Friday, April 13, 2012

Guinée Bissau : décryptage d’un coup de force

L’ex petite colonie portugaise ouest-africaine renoue avec le syndrome politico-militaire. Jeudi dans l’après midi, une tentative de coup d’Etat a interrompu le processus démocratique en cours. Mobile ethnique ou piste des narcotrafiquants ?
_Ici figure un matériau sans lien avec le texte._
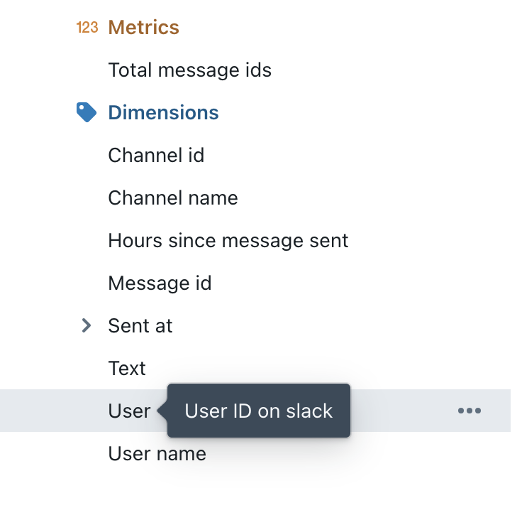 By default, Lightdash pulls in the descriptions you’ve included for your dimensions. But, you can override the description you see in Lightdash using thedescription property.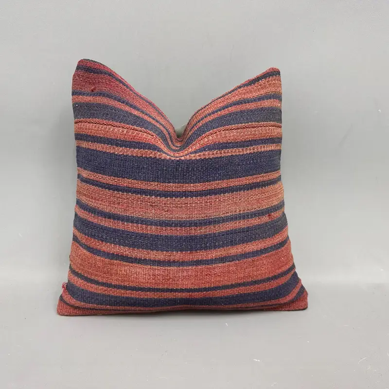 Almohada de tiro Kilim de rayas rojas, cojín bordado vintage

Alors que la Guinée s’acheminait vers un second tour de la présidentielle prévue le 29 avril prochain et devant départager les deux candidats, Cadogo Junior Gomez (premier ministre sortant) et Coumba Yalla (ex président) restés dans la course, des groupes de sous officiers ont, dans l’après midi de jeudi, assiégé la radio et télévision nationale et attaqué la résidence du premier ministre. Lequel était introuvable tôt ce vendredi. Selon des sources bien informées contactées par Les Afriques, le premier ministre, Carlos Gomez a été exfiltré de sa résidence peu après l’attaque et a trouvé refuge à la chancellerie du Portugal à Bissau.

Avec ce coup de force, Bissau plonge dans une confusion totale à moins de 17 jours du second sprint électoral devant opposer une figure emblématique du paysage politique guinéen et un ex président du pays, très influent auprès de la haute hiérarchie militaire.
Le climat politique bissau-guinéen s’était détérioré, suite à l’assassinat, en pleine campagne électorale, du commandant Samba Djallo, chef des services de renseignements militaires, réputé proche du défunt président, Malam Bacai Sagnha.

Le second tour prévu le 22 avril puis reporté au 29 avril prochain est compromis avec le coup de force d’un groupe de soldats équipés de mitrailleuses engouffrés dans des picks up. Les putschistes ont occupé le siège de l’office RTGB (Radio télévision de Guinée Bissau) vers 18 heures (heures locales).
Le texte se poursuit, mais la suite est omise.